The Carvallo sign is found during cardiac auscultation.
It is named after Mexican cardiologist Josť Manuel Rivero Carvallo.
He described an increase in the intensity of the systolic murmur of tricuspid insufficiency during inspiration. This distinguishes it from left sided murmurs such as mitral insufficiency, which do not change with respiration.
It may be difficult to hear the change in murmur intensity during normal respiration. In that case, auscultation is performed during postinspiratory apnea and the loudness of the systolic murmur is compared to its loudness during postexpiratory apnea.
The murmur of tricuspid insufficiency increases in intensity during held, deep inspiration. The murmur may also become higher pitched.
In contrast, the murmur of mitral insufficiency does not increase during held, deep inspiration. It may actually decrease in intensity.
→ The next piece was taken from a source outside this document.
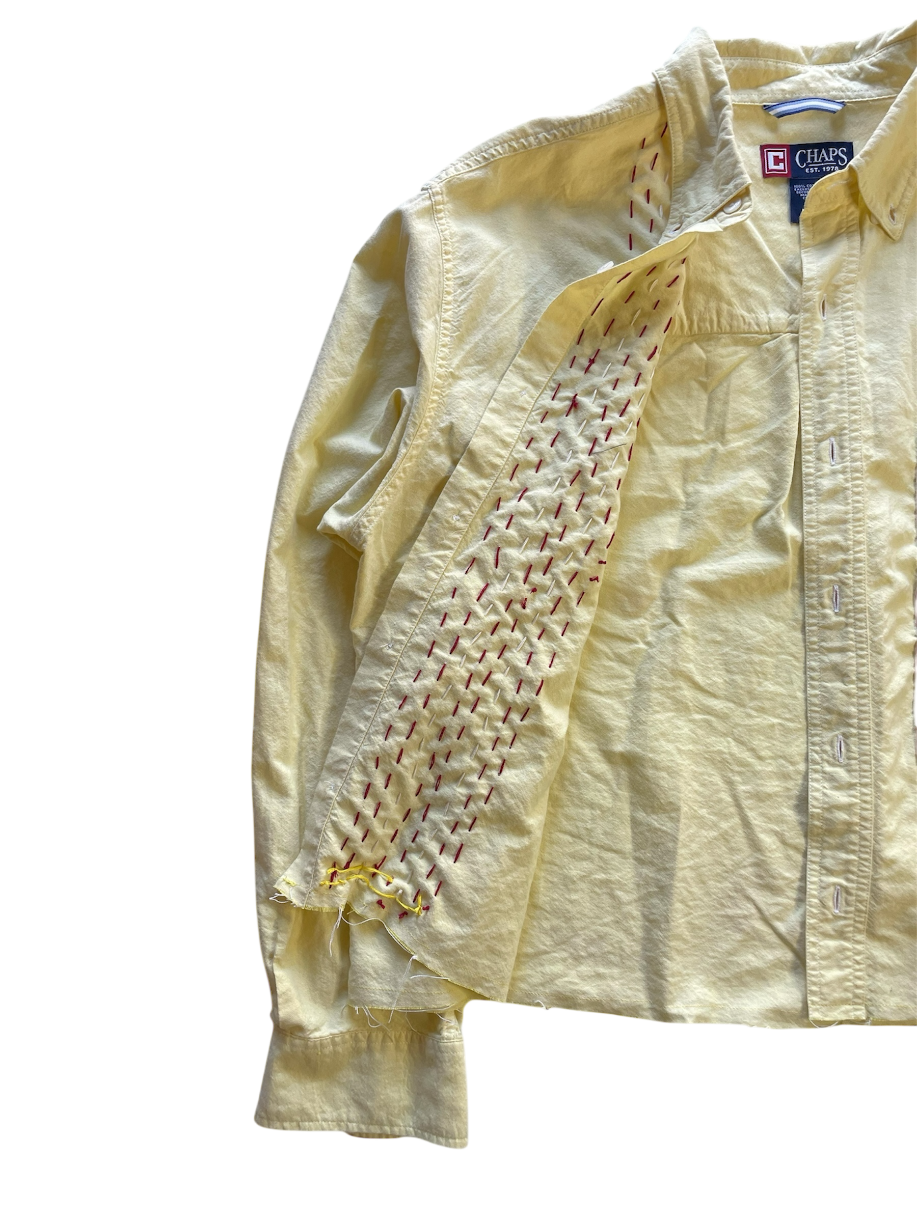 Only available in one size (Medium). This garment is a one-of-a-kind and will not be remade.

One explanation for the decreased intensity is the inspiratory interposition of the pulmonary appendage between the apex of the heart and the chest wall.
Rivero Carvallo JM
Signo para el diagnostico de las insuficiencias tricuspideas
Archivos del Instituto de Cardiologia de Mexico, Mexico, 1946, 16: 531.
Rivero Carvallo JM
Comunicacion a la Sociedad Mexicana de Cardiologia
Am J Cardiol. 1981 Sep;48(3):578-83.
Intracardiac phonocardiography in tricuspid regurgitation: relation to clinical and angiographic findings.
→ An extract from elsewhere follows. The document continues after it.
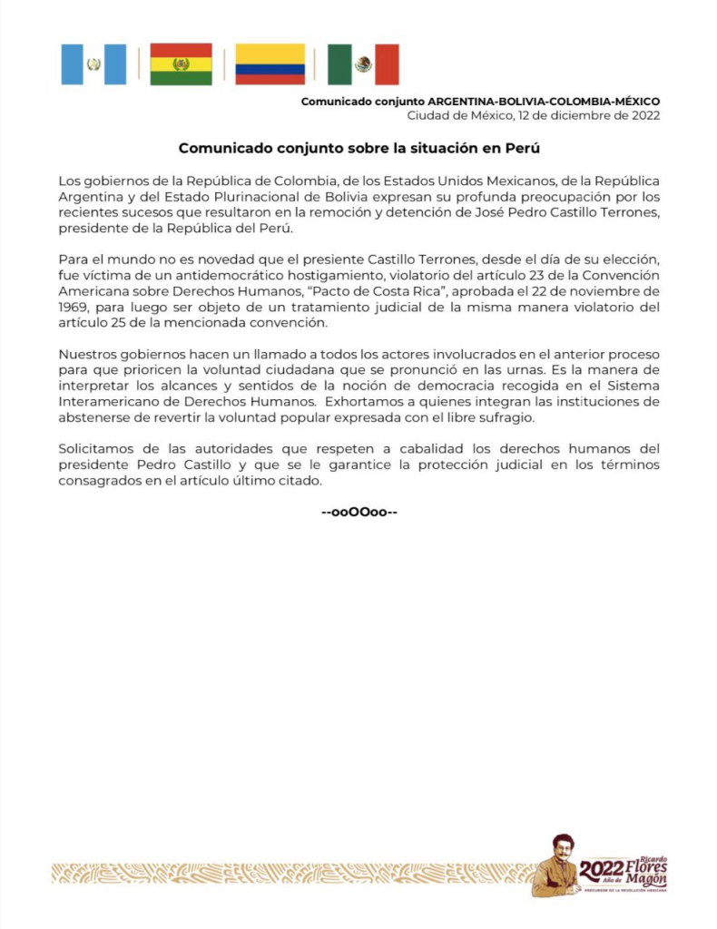 Los Gobiernos de Argentina, Colombia, México y Bolivia emitieron un comunicado conjunto, en donde reconocen a Pedro Castillo como presidente del Perú. En medio de la coyuntura política y social, dichos países mostraron su preocupación por los recientes sucesos.

Cha SD, Gooch AS, Maranhao V.
Intracardiac phonocardiograms were obtained from the right atrium in order to study the relation between the clinical signs of tricuspid regurgitation, intracardiac murmurs and the degree of regurgitation demonstrated on right ventriculography with use of a preshaped catheter. In five patients with no heart disease, right ventriculograms showed no evidence of tricuspid regurgitation and intracardiac phonocardiograms in the right atrium demonstrated no murmur. Among 35 patients with valvular heart disease, a Carvallo sign (increased intensity of systolic murmur during inspiration) was present in 19 and absent in 16. All 19 patients with a Carvallo sign had variable degrees of tricuspid regurgitation on right ventriculography, and intracardiac phonocardiograms were positive for tricuspid regurgitation in 18. Among 16 patients with an absent Carvallo sign, neither right ventriculography nor intracardiac phonocardiography was indicative of tricuspid regurgitation in 5. Five patients had 1+ regurgitation and the intracardiac phonocardiogram was positive in three of these five patients. The other six patients showed 3+ to 4+ regurgitation and the intracardiac phonocardiogram was positive for tricuspid regurgitation in all. In conclusion, (1) the Carvallo sign is a reliable indicator of tricuspid regurgitation but its absence does not rule it out, and (2) right ventriculography using a preshaped catheter and intracardiac phonocardiography are useful in detecting clinically unrecognized tricuspid regurgitation.
Clin Cardiol. 1984 May;7(5):299-306.
Chronic traumatic tricuspid insufficiency.
Sheikhzadeh A, Langbehn AF, Ghabusi P, Hakim C, Wendler G, Tarbiat S.
Isolated tricuspid insufficiency (TI) is relatively uncommon and mostly of traumatic origin. We report clinical noninvasive and invasive findings and surgical results in 5 cases. All patients had complete clinical, noninvasive and invasive studies including right and left catheterization, and coronary angiographies in 3 patients. All but 1 patient had nonpenetrating trauma. All had large jugular V waves, right precordial impulse, systolic liver pulse, positive Carvallo sign documented also by noninvasive techniques. Right heart failure was present in 3 patients. Chest x-ray showed prominent right atrium and distended vena cavae. Electrocardiogram showed normal sinus rhythm in 4 patients and atrial fibrillation in 1. Two patients had right bundle-branch block, and 2 presented RSR'-pattern. Echocardiogram showed large right atrium (RA) (6-10 cm), floppy tricuspid valve (TV) in all, dilated right ventricle (RV) in 2 patients. Findings of left heart were normal in all. Three patients had right-to-left shunt. In RA A waves were 4-8, Y waves 1-3, and V waves 12-22 mmHg, respectively (mean RV and PA pressures were 23/3 and 23/10 mmHg, respectively). Four patients had anuloplasty, 2 of them repair of valve and chordae. Surgical results were good in 2 patients with valve repair, satisfactory in 1; there was significant TI resistance in 1 case. We conclude that TI has distinctive clinical findings and must be ruled out in all patients with chest trauma. Surgery must include not only anuloplasty, but, cusps and chordae must also be evaluated and reconstructed if necessary.